It was on this occasion that Mr. Disraeli, rising from the benches filled with the ordinary supporters of the Government, delivered one of those bitter and sarcastic diatribes which thenceforward proved so effective in arousing the revengeful feelings of those of the party who believed their interests to have been betrayed in deference to the League. " I remember," he said, " in 1841 the right hon. baronet used these words: he said, ' I have never joined in the anti-slavery cry, and now I will not join in the cry of cheap sugar.' Two years have elapsed, and the right hon. gentleman Aas joined in the anti-slavery cry, and has adopted the cry of cheap sugar. But," he continued, appealing to the rebellious supporters of the Government, whom the Minister had just defied, "it seems that the right hon. baronet's horror of slavery extends to every place except the benches behind him. There the gang is still assembled, and there the thong of the whip still resounds. The right hon. gentleman," he added, " came into power upon the strength of our votes, but he would rely for the permanence of his ministry upon his political opponents. He may be right - he may even be to a certain degree successful in pursuing the line of conduct which he has adopted, menacing his friends, and cringing to his opponents; but I, for one, am disposed to look upon it as a success neither tending to the honour of the House nor to his own credit. I therefore must be excused if I declare my determination to give my vote upon this occasion as I did in the former instance; and as I do not follow the example of the hon. and gallant member near me (Sir H. Douglas), it will not subject me to the imputation of haying voted on the former occasion without thought or purpose." The appeal of the Ministers, however was, fortunately for the free trade movement, for a time successful. The Government were reinstated by a vote of 255 to 233, in a House in which both parties had evidently done their utmost.

The party which, under the guidance of Mr. Disraeli, Lord Stanley, and Lord George Bentinck, was destined to present so formidable an opposition to the Minister's policy, and to render his labours in the interests of the people so full of pain and anxiety, as yet only marked its existence by murmurs along the Conservative benches. As usual, the somewhat revived prosperity of the country was the chief pretext for resisting change. People with this view did not see the danger of opposing reforms, until a sudden storm compelled the Legislature to face them with mischievous haste. It had again and again been shown that the evils of the old system of restrictions lay chiefly in the fact, that they led to violent fluctuations in the circumstances of the people. Nothing, therefore, could be more certain than that, even had the prosperity been tenfold greater, one of those alternations of depression which brought so much misery to the people would not be long in making its appearance. The monopolist party, however, seldom looked beyond the day or the hour. There had been rick-burning in the country, and an agricultural labourer, named Joseph Lankester, had declared that his object in committing this crime was to raise the price of wheat, and so bring about those high wages which the political farmers and landlords were always saying came from good prices in the corn market. The Protectionist lords declared, nevertheless, that the Anti-Corn-Law League, with their mischievous agitation, their models of the big and little loaf, their lectures and meetings, their music and banners, their poisonous tracts and pamphlets, were sit the bottom of these disturbances; while the League rejoined by declaring that Joseph Lankester's views were only " Richmondism put in practice;" that the destruction of bonded wheat, when the duties became more than it was worth, was but another phase of "Lankesterism;" and that, indeed, the whole theory of the Corn Law, the object of which was to render corn dear by artificial means, was closely akin to the ignorant notions of the deluded rick-burners. In the towns, however, political agitation was comparatively silent. To some agriculturists it appeared a fair compromise to maintain the protective laws in consideration of their being content to put up with the low prices of the day. Any way, the dreaded League seemed to them to be checked.

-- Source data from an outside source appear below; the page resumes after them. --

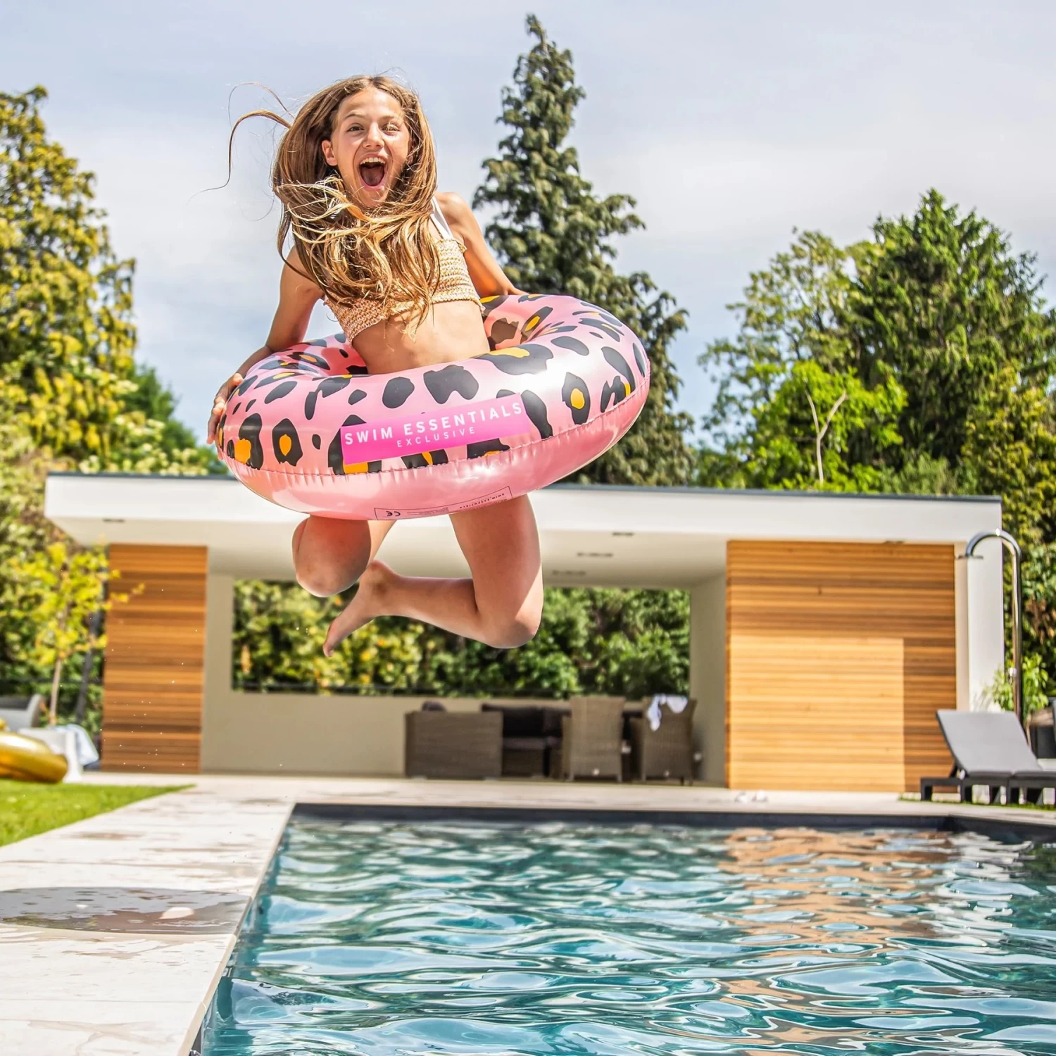 Roze panter zwemband 90 en 70 cm diameter. Drijvende opblaasbare zwemband voor groot en klein met gold rosé panter print. Voor kinderen vanaf 6 jaar.
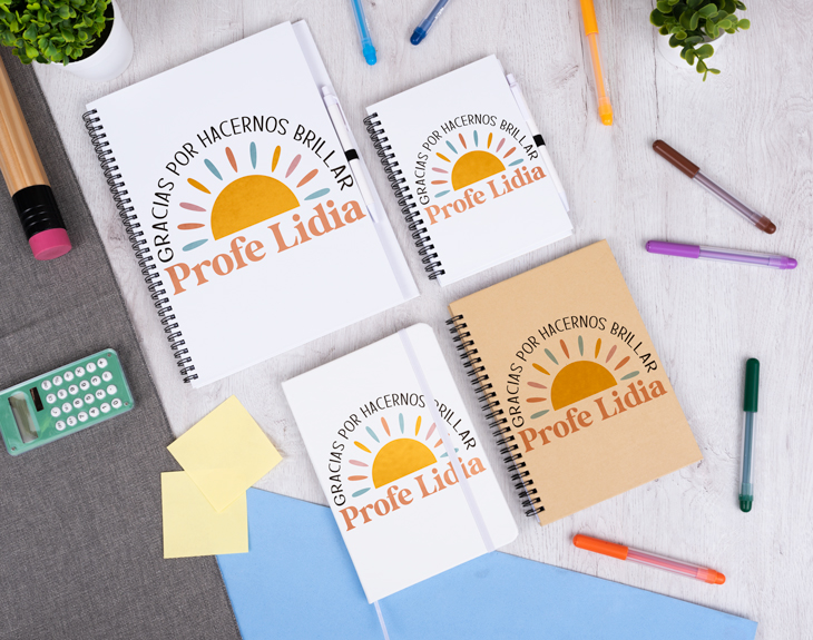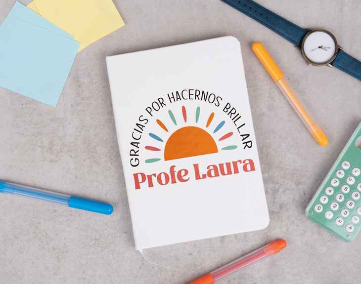 Si hay algo que los profes necesitan tener presente en todo momento es algo para poder apuntar todas esas cosas importantes y que no quieren olvidar. Por eso, tenemos el regalo perfecto para ellos: ¡su propio cuaderno personalizado! Si aún no sabéis que regalarle este fin de curso, sin duda, este es el mejor detalle con el que le podéis sorprender. ¡Se quedará sin palabras! Este original cuaderno se convertirá en su utensilio favorito del día a día porque podrán apuntar todo lo que quieran. Y como sabemos que hay tantos gustos como personas, podrás elegir el cuaderno que más se ajuste a las necesidades de tu profe. Elige si quieres el bloc de notas, el cuaderno ecológico, el cuaderno pequeño o el grande con tapa dura. ¡Podrás personalizar todos ellos! Llega el momento de personalizar este cuaderno para que sea el más guay del mundo. Elige el modelo que más te guste y añade el producto al carrito. Lo único que tendrás que hacer es completar este precioso diseño con el nombre de vuestro profe, ese que siempre os hace brillar. ¡Seguro que este regalo le encantará!
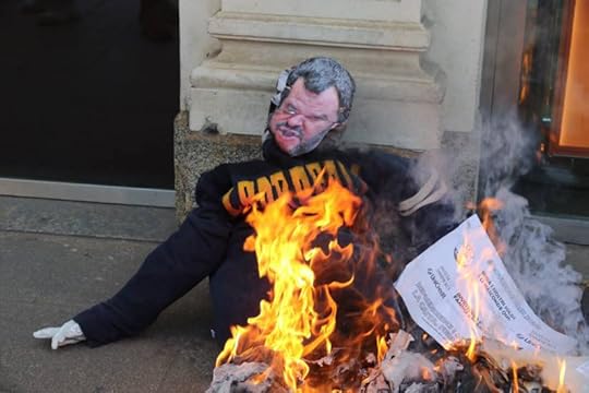 Il centro di Milano è stato preso d'assalto, ancora una volta, dagli studenti di sinistra che, a sostegno delle proteste in Francia, hanno indossato i gilet gialli (video - gallery). Ma la manifestazione contro il governo gialloverde si è trasformata, per l'ennesima volta, un attacco ferocissimo contro Matteo Salvini e il Carroccio. Un fantoccio con il volto del vicepremier leghista è stato, infatti, dato alle fiamme davanti alla sede di Unicredit di piazza Cinque Giornate (video - gallery). Sulla felpa del pupazzo si leggeva la scritta "Ladropoli". Sul marciapiede altri esagitati hanno scritto con la vernice Lega Ladrona.
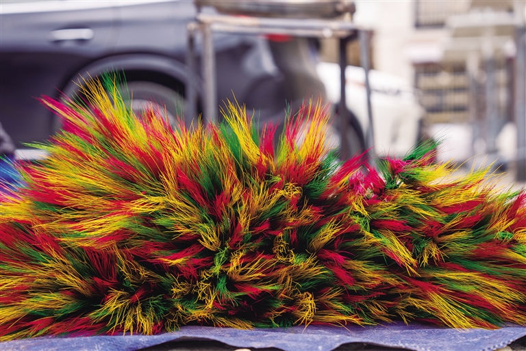 “销量好的时候一天可以卖近1000元,一般的时候也有500元左右。”央金仔细检查着刚染好色的“罗萨梅朵”,她的手和脸因长时间接触颜料而沾满色彩。“以前‘罗萨梅朵’的颜色并不多,只有玫红色,上色不均匀也没人会说什么。但现在,颜色必须亮丽、均匀,这也体现了大家生活越来越好,生活品质越来越高。”央金笑着说。
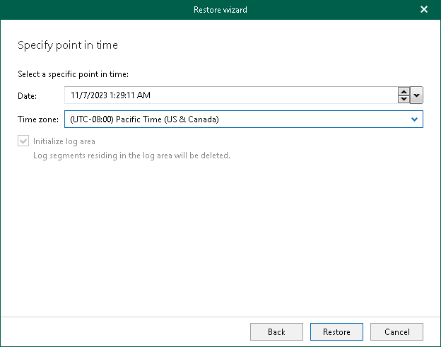 Each database will be restored to the most recent available state to the date and time selected in the Date field. Note that if any of the databases that you want to restore were first backed up after the specified point in time, their restore process will fail.
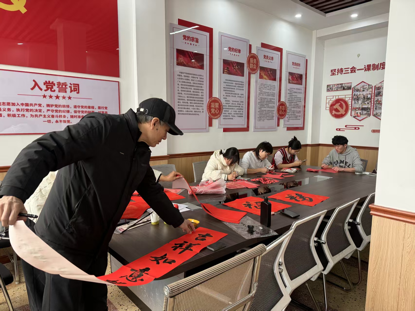 迎春送福,情暖村民。1月21日,主题活动在里辛集贸市场启动。上午,团队在第一书记助农超市设立“迎春送福”摊位,由书法特长学子及特邀本地书法爱好者现场书写春联、福字,免费赠予过往村民,同时在征得同意后为村民拍摄合影,定格团圆时刻。下午,团队赴街道党群服务中心红领驿站参观学习,深入了解基层治理模式与服务体系,拓宽对乡村治理与发展的认知视野。
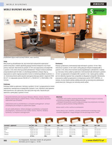 MEBLE BIUROWE 5 MEBLE BIUROWE MILANO przykładowe zdjęcie mebli biurowych Milano, wzór czereśnia akacja Stoły Blaty biurek są ukształtowane tak, aby można było maksymalnie wykorzystać powierzchnię blatu i znaleźć optymalną pozycję monitora komputera oraz innych pomocy roboczych. Blat biurka ma grubość 25 mm i jest wyposażony w krawędź ABS o grubości 2 mm, która chroni go przed uszkodzeniem. Przepust w blacie umożliwia przeprowadzenie pod nim kabli, co umożliwiają dodatkowe uchwyty. Nogi są wyposażone w system regulacji wysokości biurka na nierównej podłodze w zakresie 1,5 cm. Konstrukcja biurek spełnia wysokie wymagania dotyczące jakości i ergonomii (ČSN EN 527–1) i odpowiada normom ČSN EN 527–2, ČSN EN 527–3, ČSN 910001 i ČSN 910100. buk czereśnia gwarancja lat calvados Kontenery Korpusy są wykonane z laminowanych płyt wiórowych o grubości 18 mm. Płyta wierzchnia o grubości 25 mm razem z dolną płytą jest oklejona krawędzią ABS o grubości 2 mm, która chroni kontener przed przypadkowym uszkodzeniem. Szuflady są z tworzywa, fronty szuflad są wykonane z laminowanych płyt wiórowych o grubości 18 mm i są wyposażone w krawędzie ABS o grubości 2 mm. Częścią górnej szuflady jest też oddzielny organizer (tzw. przegródka na długopisy) i przegródki. Mechanizmy przesuwania szuflad są wyposażone w zintegrowany system STOP–CONTROL, co oznacza, że przy otwarciu jednej szuflady pozostałe są automatycznie zablokowane przed otwarciem. Zaletą jest też centralny zamek szuflad. Podstawy Podstawy stołów są wykonane z laminatu o grubości 18 mm i są wyposażone po stronie zewnętrznej i wewnętrznej w krawędź ABS o grubości 2 mm. Stabilność stołu zapewnia belka poprzeczna, tzw. poprzeczka, która łączy obie nogi stołu. Poprzeczka jest wykonana z pełnej płyty o grubości 18 mm. Wszystkie elementy serii biurowych Bolzano, Milano, Verona, Palermo, Modena można łączyć z szafami Roma i Trento. Należy jedynie sprawdzić odpowiedni typ uchwytów. Szafy dostarczane są standardowo z uchwytem zaokrąglonym. Uchwyt prostokątny jest dostępny na żądanie bez dopłat. Do serii stołów Bolzano i Milano dostępne są kontenery z uchwytami prostokątnymi, natomiast do serii stołów Verona, Palermo i Modena kontenery z uchwytami zaokrąglonymi. Montaż – wszystkie serie stołów zawierają elementy, które można łączyć w zestawy przy pomocy prostego systemu połączeniowego – niezbędne komponenty systemu połączeniowego oraz przejrzysta instrukcja obsługi są częścią zestawu danego elementu Wzory orzech, olcha i wiśnia na zamówienie. Kolory akacja, buk, czereśnia, calvados prezentowane w katalogu mają charakter poglądowy i mogą odbiegać od rzeczywistego koloru mebla. szerokość × głębokość mm 800 × 800 1200 × 800 1400 × 800 1600 × 800 1800 × 800 850 × 800 wysokość akacja buk czereśnia calwados mm nr nr nr nr zł 755 2D 276 958 2D 276 959 2D 276 960 2D 276 961 656,- 755 2D 276 962 2D 276 963 2D 276 964 2D 276 965 738,- 755 2D 276 966 2D 276 967 2D 276 968 2D 276 969 800,- 755 2D 272 921 2D 272 922 2D 272 923 2D 272 925 866,- 755 2D 276 970 2D 276 971 2D 276 972 2D 276 973 812,- 502 755 2D 341 874 2D 341 875 2D 341 876 2D 341 877 533,- n a ma g az y n i e , d o s t aw a n awe t d o 4 8 g o dzin dos taw a j u ż w ci ąg u 5 – 8 d n i • www.KWESTO.pl
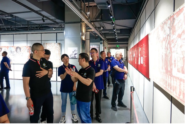 在启用仪式之后,校友们步行至图书馆正门,参观了“以非遗为名 与传承和创新对话——敦煌·彝绣联合展”,世界文化遗产敦煌+非物质文化遗产彝绣的文创创作,为中华优秀传统文化的传承与创新作出积极探索。展览将敦煌壁画艺术中的传统纹样与彝绣相结合,创作出的鹿王本生”“敦煌飞天”“敦煌祥云等系列精美彝绣作品。参观过程中,经介绍,校友们也了解到色情导航 对南华县结对子帮扶情况,以及学校在彝绣产业扶持中取得的成效。

The landowners had established an Anti-League League, for counteracting the Manchester men with -their own weapons - an association which the satirists of the day represented by a slightly modified picture from the fable of the frog and the bull. To those, however, who read only the tracts of the Anti-League League, it doubtless appeared that the torrent was to some degree arrested. It began to be asserted that the League was extinct, that the country was sick of its incessant agitation, and that Mr. Cobden and Mr. Bright were about to "back out." These, however, were not the views of the League men. Like the mariner, who has work appropriate for foul weather as well as for fine, and all equally conducive to his ultimate object of taking his vessel into port, the Manchester men, and their friends and supporters throughout England, worked harder than ever. The lists of voters, the freehold land scheme, and the gathering in of that £100,000 fund which was now fast approaching completion, furnished them abundant employment for their hands, and it was carried on with a success which gave sure promise of the final undermining of the stronghold of the enemy.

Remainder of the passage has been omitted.